START INFORMATION PROVIDED

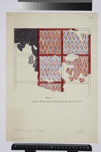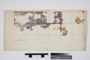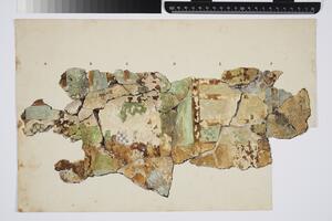 Watercolour drawing showing squares 1a & 2b of the North side floor of the palace. The surviving fragments are identifiable by their much brighter colors. These squares are also represented in MYC 3/2/12, MYC 3/2/25, & MYC 3/2/26
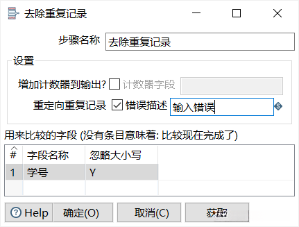 双击“去除重复记录”控件,进入“去除重复记录”控件界面,添加字段,如图29示:
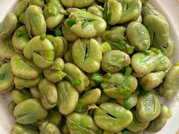 1.蠶豆清洗幹凈,然後在黑眉處剪開,接著熱鍋燒油,油熱以後,放入蠶豆爆炒,炒出香味後,加入適量的食鹽調味,繼續翻炒均勻。
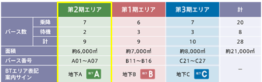 <バスターミナルエリア別概要と案内サイン表記>
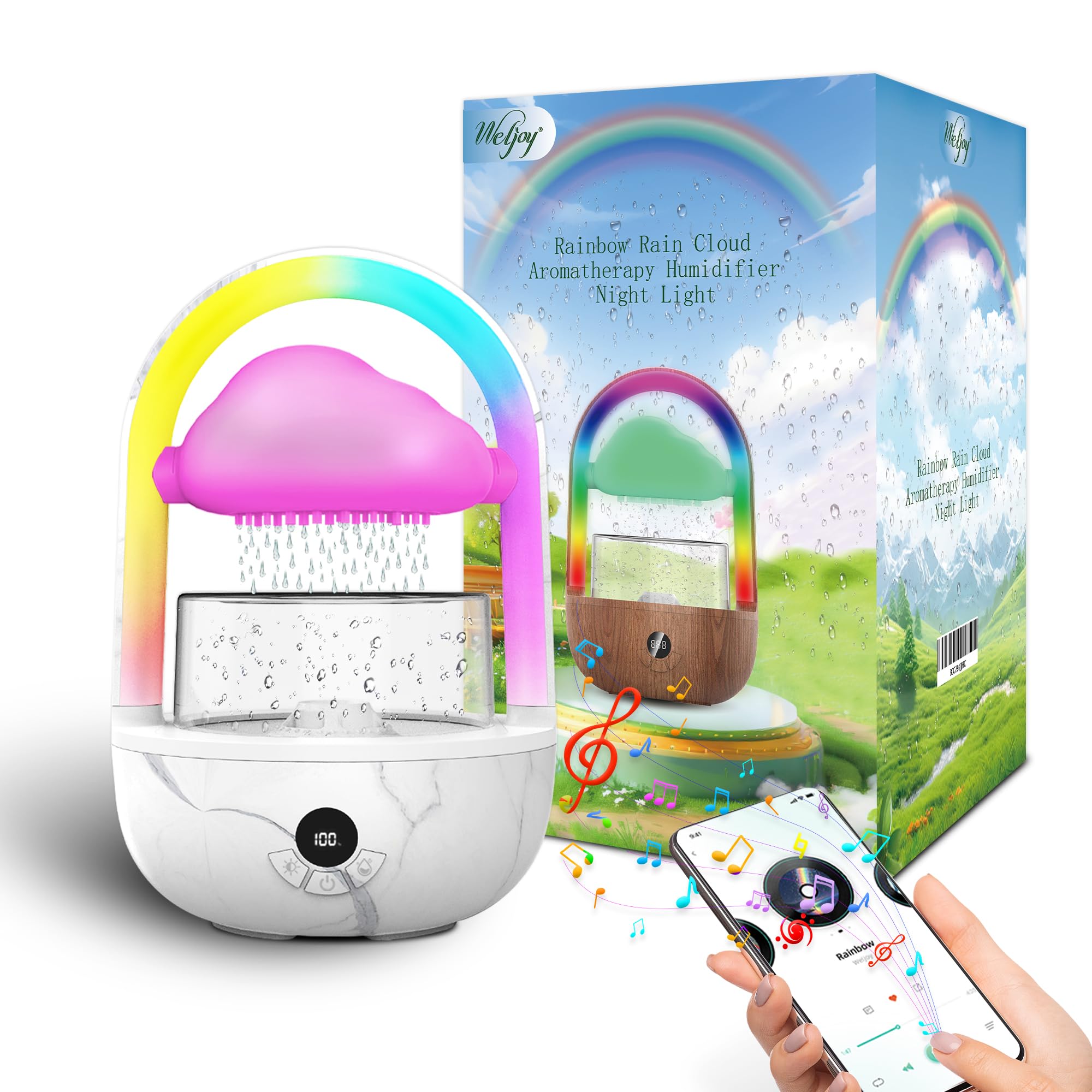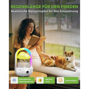 Der Weljoy Regenwolken Luftbefeuchter mit Regenbogenlicht bietet eine entspannende Atmosphäre durch App-Steuerung und 7-farbige LED-Leuchten, ideal für Schlaf- und Entspannungsräume.
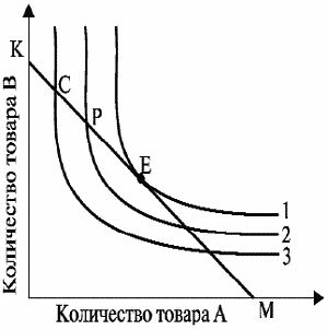 Точка пересечения (Е) называется точкой потребительского оптимума, так как расположена на наиболее высоко лежащей (из доступных потребителю) кривой безразличия (рис. 10).
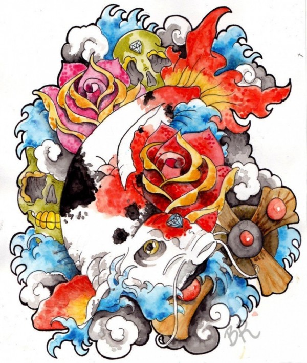 双鱼座纹身手稿_45张十二星座之双鱼手稿纹身图案
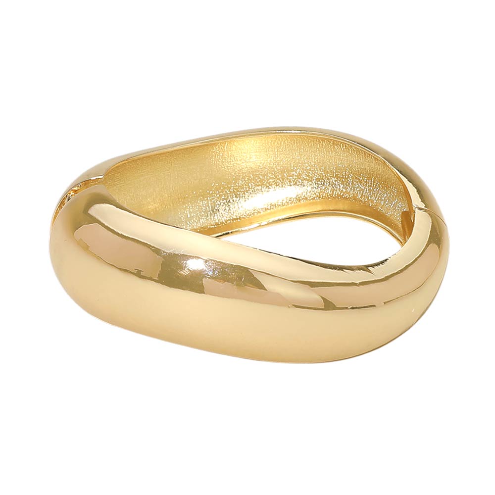 Elevate your accessory game with this Metal Sculpted Dome Hinged Bangle Bracelet. Designed with a smooth, sculpted dome silhouette and a secure hinged closure, it delivers bold shine with modern elegance. Wear it solo for a sleek statement or stack it for a chic, layered look.

END INFORMATION PROVIDED

#### TASK
Above are records with pictures. Reproduce exactly only the lines from the line with "<バスターミナルエリア別概要と案内サイン表記>" through the line with "双鱼座纹身手稿_45张十二星座之双鱼手稿纹身图案", both ends included, and leave the pictures out.

#### ANSWER TO THIS PROBLEM
 <バスターミナルエリア別概要と案内サイン表記>
 Der Weljoy Regenwolken Luftbefeuchter mit Regenbogenlicht bietet eine entspannende Atmosphäre durch App-Steuerung und 7-farbige LED-Leuchten, ideal für Schlaf- und Entspannungsräume.
 Точка пересечения (Е) называется точкой потребительского оптимума, так как расположена на наиболее высоко лежащей (из доступных потребителю) кривой безразличия (рис. 10).
 双鱼座纹身手稿_45张十二星座之双鱼手稿纹身图案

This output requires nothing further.